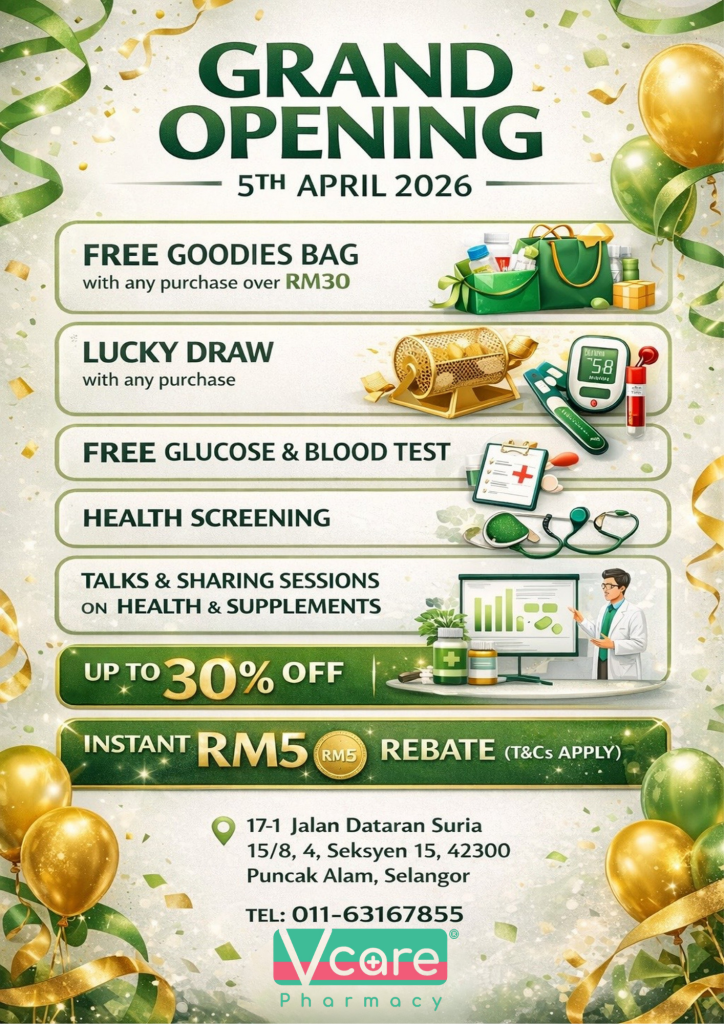 Vcare Pharmacy is opening a brand-new outlet in Puncak Alam, and we’re celebrating with exclusive promotions, free health checks, and exciting rewards — all in one day!
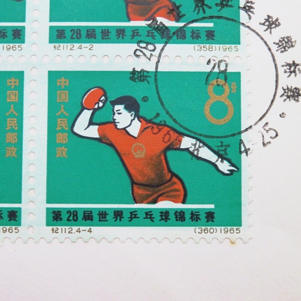 | 商品名 | 1円〜 中国切手 紀112「第28回世界卓球選手権大会」4種完 FDC/初日カバー 4178112 |
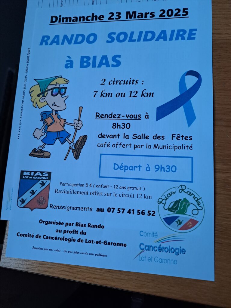 Rendez-vous DIMANCHE  23 MARS 2025 à BIAS (Lot & Garonne) pour une Rando solidaire de 7 ou 12 Km
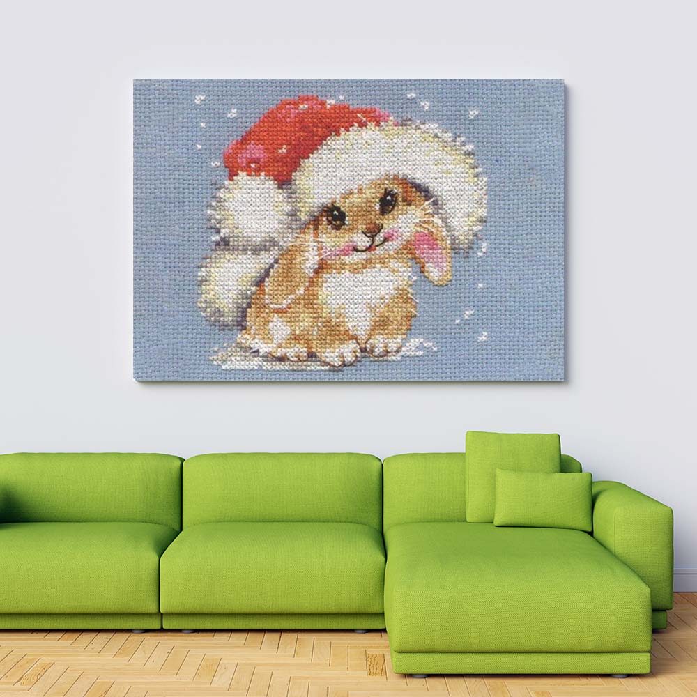 Kreuzstich - Winterhase | 15x15 cm - Diy - Fadenkunst
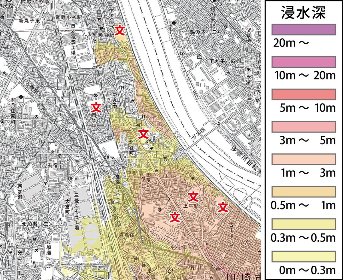市は洪水時の避難所の避難階についても基準を見直し。これまで2階以上に避難するのは避難場所の想定浸水深が2メートル未満の場合だったが、3メートル未満に変更。3階以上は2〜4メートル未満から3〜5メートル未満になった。
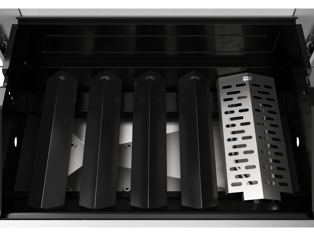 - bruciatore laterale a infrarossi da 3,5 kW che raggiunge una temperatura estremamente alta di 800 gradi, consentendo di rosolare rapidamente (il cosiddetto "sear") e cuocere bistecche (non consigliato per l'uso come bruciatore per riscaldare pentole, padelle, ecc.)

::::

→ **Aim of the task**: Repeat the records in full and exactly, leaving every picture out.

→ **Result**:
 Vcare Pharmacy is opening a brand-new outlet in Puncak Alam, and we’re celebrating with exclusive promotions, free health checks, and exciting rewards — all in one day!
 | 商品名 | 1円〜 中国切手 紀112「第28回世界卓球選手権大会」4種完 FDC/初日カバー 4178112 |
 Rendez-vous DIMANCHE  23 MARS 2025 à BIAS (Lot & Garonne) pour une Rando solidaire de 7 ou 12 Km
 Kreuzstich - Winterhase | 15x15 cm - Diy - Fadenkunst
市は洪水時の避難所の避難階についても基準を見直し。これまで2階以上に避難するのは避難場所の想定浸水深が2メートル未満の場合だったが、3メートル未満に変更。3階以上は2〜4メートル未満から3〜5メートル未満になった。
 - bruciatore laterale a infrarossi da 3,5 kW che raggiunge una temperatura estremamente alta di 800 gradi, consentendo di rosolare rapidamente (il cosiddetto "sear") e cuocere bistecche (non consigliato per l'uso come bruciatore per riscaldare pentole, padelle, ecc.)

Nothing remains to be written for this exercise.